[arin-ppml] fair warning: less than 1000days lefttoIPv4 exhaustion

Ted Mittelstaedt tedm at ipinc.net
Mon May 5 15:11:08 EDT 2008



> -----Original Message-----
> From: arin-ppml-bounces at arin.net 
> [mailto:arin-ppml-bounces at arin.net] On Behalf Of 
> Dan.Thorson at seagate.com
> Sent: Monday, May 05, 2008 11:37 AM
> To: ppml at arin.net
> Subject: Re: [arin-ppml] fair warning: less than 1000days 
> lefttoIPv4 exhaustion
> 
> 
> I apologize in advance, and perhaps I'm missing the entire 
> point... but I think it's all a bit absurd that many of the 
> participants of this email list think that we should all be 
> migrating to IPv6 today, and that if we're not already 
> in-process then woe-be-to-me.  For an enterprise customer's 
> perspective things look a bit different.  Here's a response I 
> received from one of the most well known telecommunication 
> providers in the USA (when asked about providing IPv6 BGP 
> peering across our Internet circuit)
> 
> "Commercial products are expected to become available 
> starting in 2009. For MIS in particular, Current plans are 
> for IPv6 to be made available on a limited basis on MIS in 
> 1Q09 with general availability scheduled for 4Q09."
> 

Remember the US government has a deadline of this year for IPv6
from it's vendors.  That is why your seeing this.

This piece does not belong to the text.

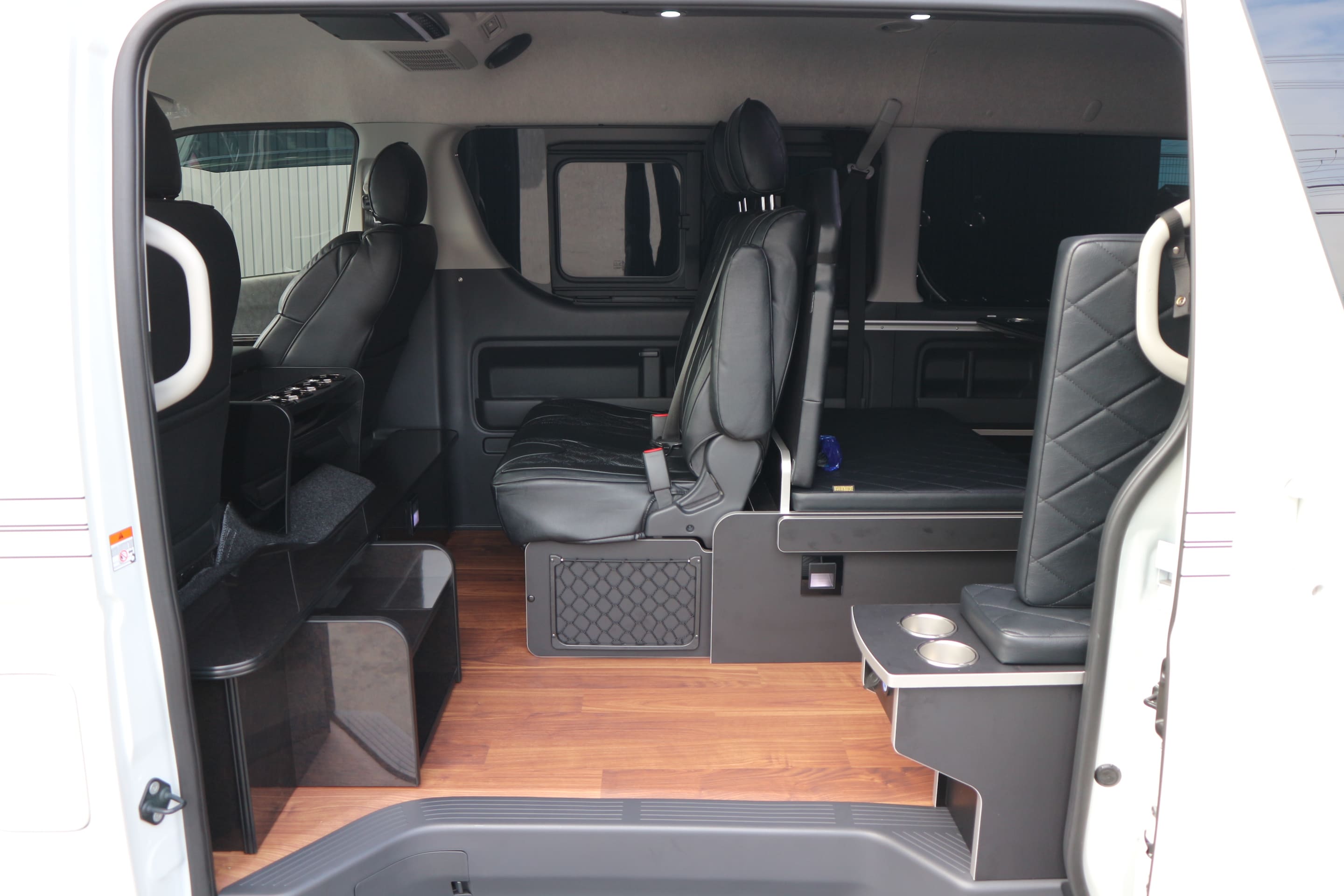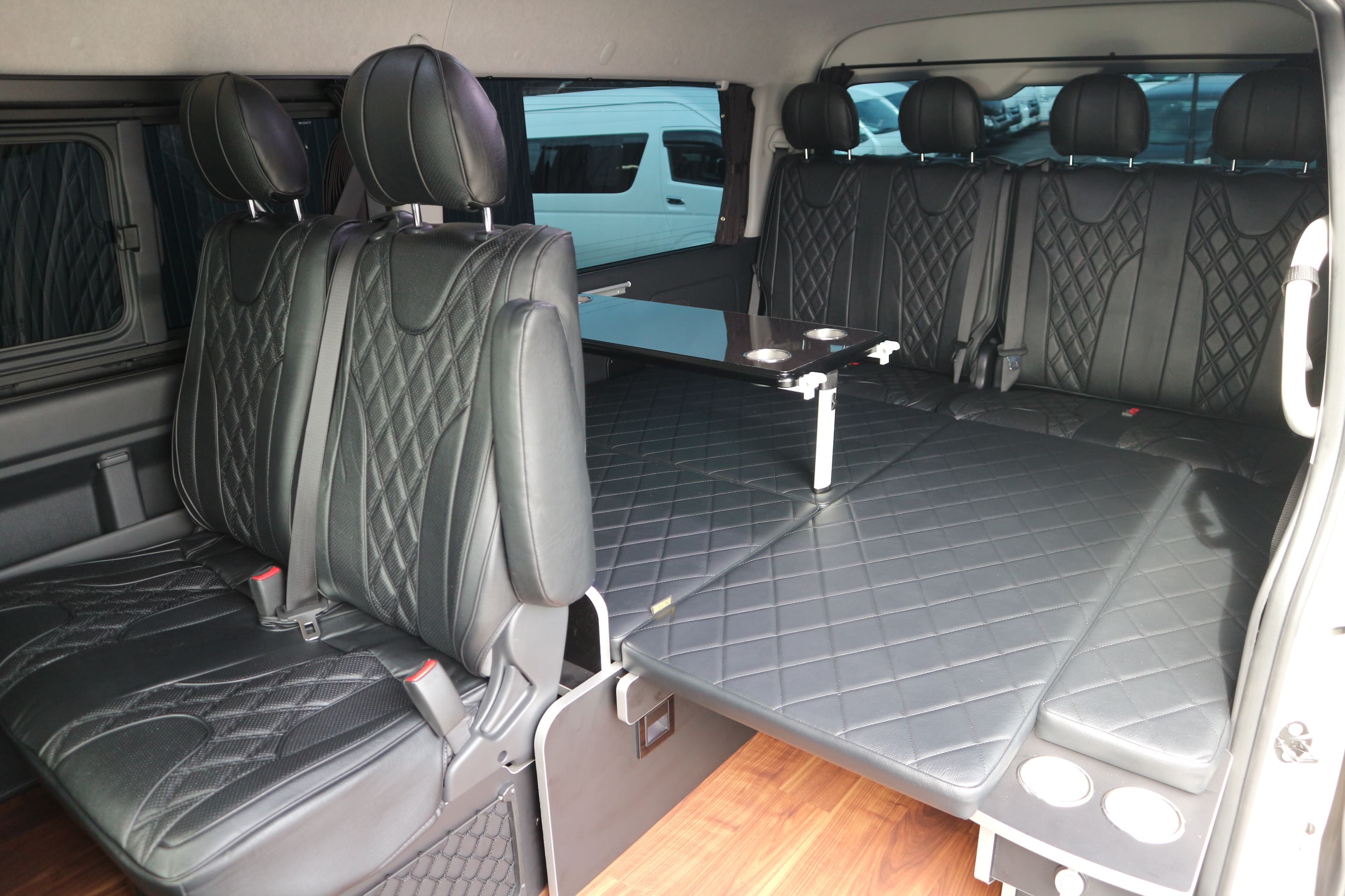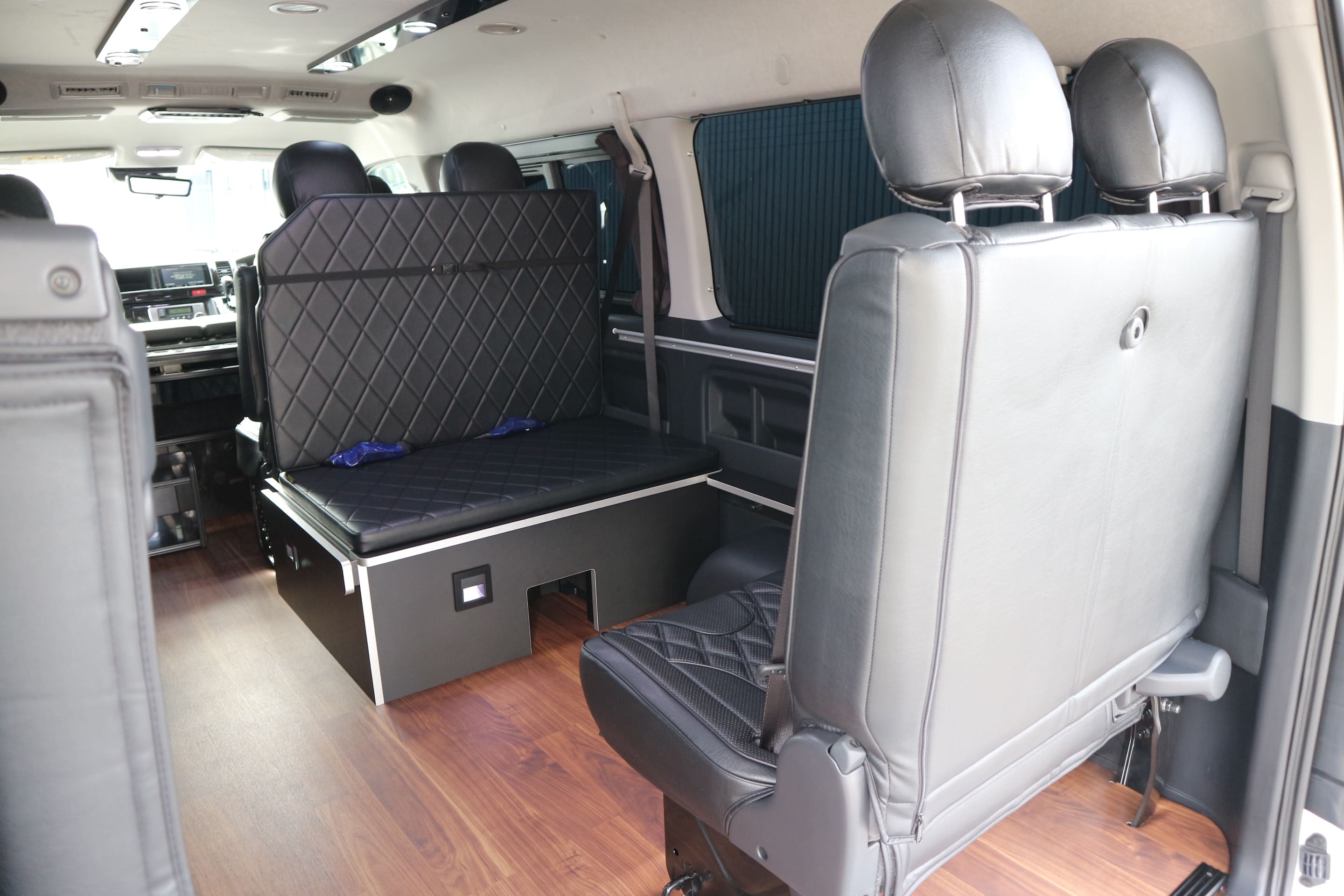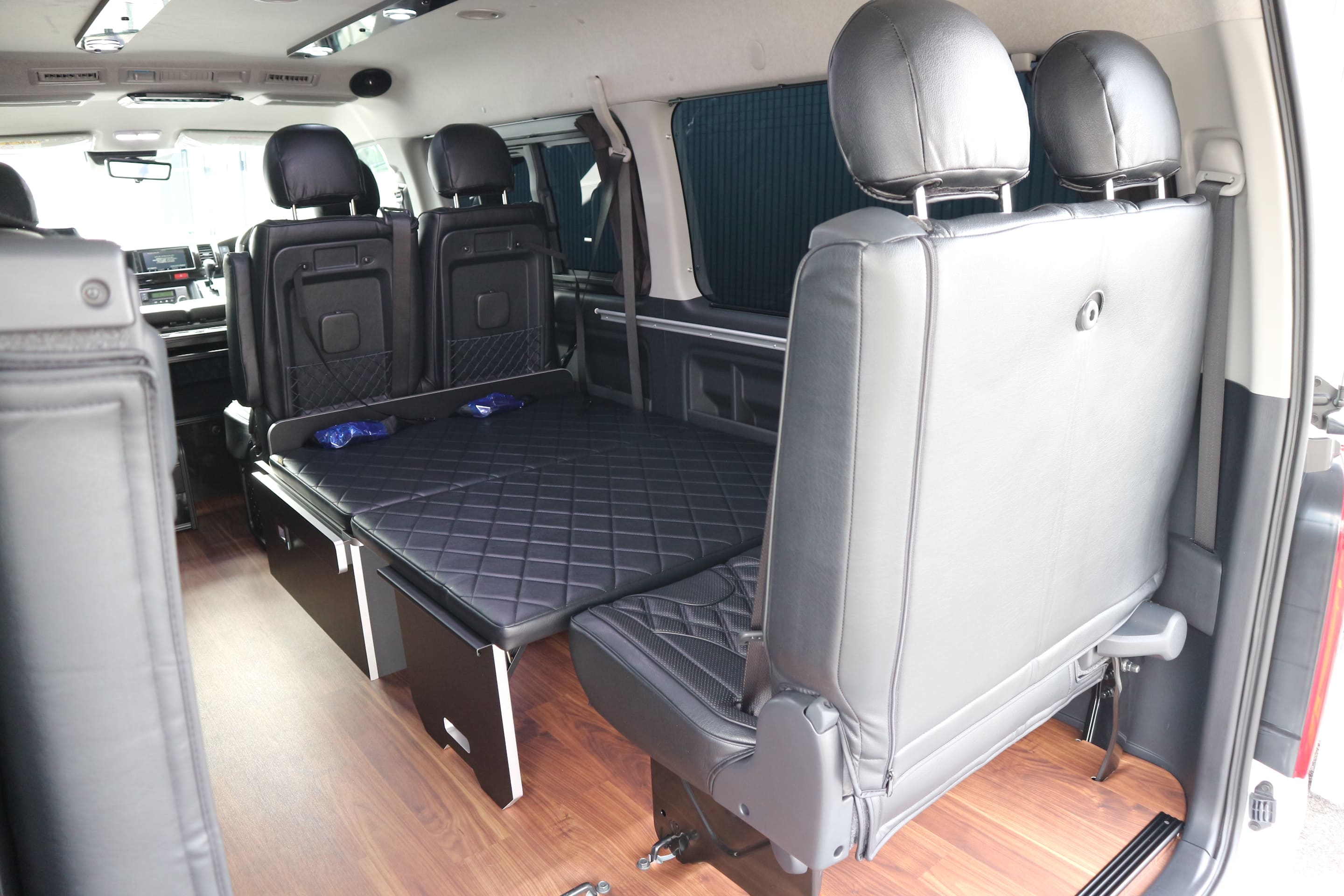 HOME > ギャラリー:IF-WB8 : ハイエースワゴンGL前向き8名後ろ向き2名10人乗り対面ラウンジベット家具 > IF-WB8リビングサルーン 200系ハイエースワゴンGL ワイドボディー 前向き8名後ろ向き2名10人乗り対面ラウンジベッド家具施工
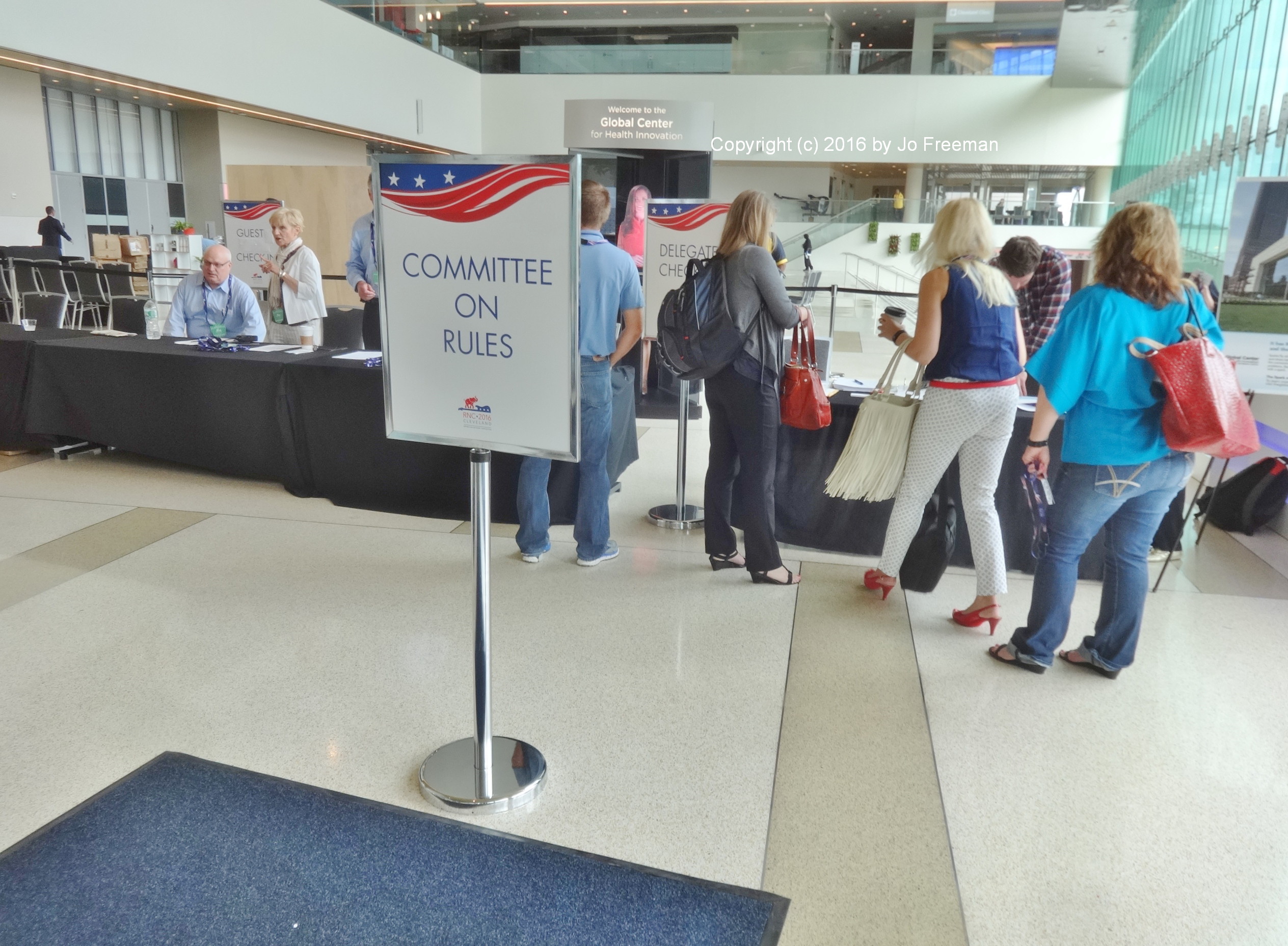 Probably to get rid of us, we were told to go to the media filing center at the Cleveland Convention Center (CCC) to watch the Rules Committee debates on a screen. There, security wouldn’t let us in because we didn’t have pre-convention passes. We were told to write and/or call Brigit Visconti who was at the Quicken Loans Arena (“Q”) where the actual Republican Convention would be held. Never got a reply.

> So: a huge ISP/telecom provider in the US is saying they'll 
> provide IPv6 to me in about 18 months.  A query to one of my 
> other upstreams provided this:
> 
> "We are currently evaluating our IPv6 solution in our lab, 
> but it is not something that we offer today. We will be 
> making a decision of general availability at the beginning of 
> Q3 2008."
> 
> So this smaller ISP (with reach in to a reasonable fraction 
> of the US) will THINK about availability in a few months.  
> That's not any kind of guarantee that they actually WILL provide it.
> 

They probably won't.  A smaller ISP likely has no government
contracts.  Thus they will likely have no existing customers that
will demand IPv6.

> So I please beg everybody's pardon when I say, speaking ONLY 
> for me (and not my company), that I do not have any sense of 
> urgency re: an IPv6 conversion/rollout, since clearly my 
> upstreams don't have any.
> 

But you see, you don't have any choice.  Since your upstreams
don't provide it YOU CAN'T provide it EVEN IF you had a sense of
urgency.  (unless you wanted to get involved with a tunnel
provider, yuck)

So why would you, being I'm assuming a somewhat logical person,
start jumping up and down and having a heart attack over something
that you cannot change?

> I suspect the biggest problem will be for the company which 
> opens their doors in 3 years, and tries to get IP space, and 
> finds that they can only get IPv6... and then discovers that 
> only a fraction of the people on the Internet can reach their 
> www site.  THEN it's gonna hit the fan.
>

I think this is VERY UNLIKELY.

Any company that opens it's doors in 3 years is either going to be
small, in which case they get IP numbering from their ISP and
NOT from the RIRs - OR they are going to be a massively largely
funded venture capitalized firm that has clueful people involved
in the business plan who are going to know about this stuff and
know about the workarounds long before getting any rude awakenings.

The small fry if they need IPv4 they will just go shopping for a
different ISP if the one that they have can't provide it.

The large fry are going to do what the large fry always do - which
is spend money on a workaround (getting IPv4 from an ISP that has it)
or forcing the rest of the world to do things the way they want them
done. (ie: use IPv6)

I think the biggest problem will be the medium-sized ISPs who are
not big enough to have the money to force the rest of the world
to do things their way, yet are large enough that they have growing
and pressing needs for IPv4.  Those folks will have to get involved
in proxying IPv6<->IPv4 and such, and God help them if they can't get
their customers to go along with them.

But, it's not like ARIN didn't forcibly subscribe all those medium-sized
fry to this mailing list - and I recall a flood of unsubscribe requests
after that.  Well, if those people refuse to be educated and prefer to
stick their head in the sand on this, then piss on them.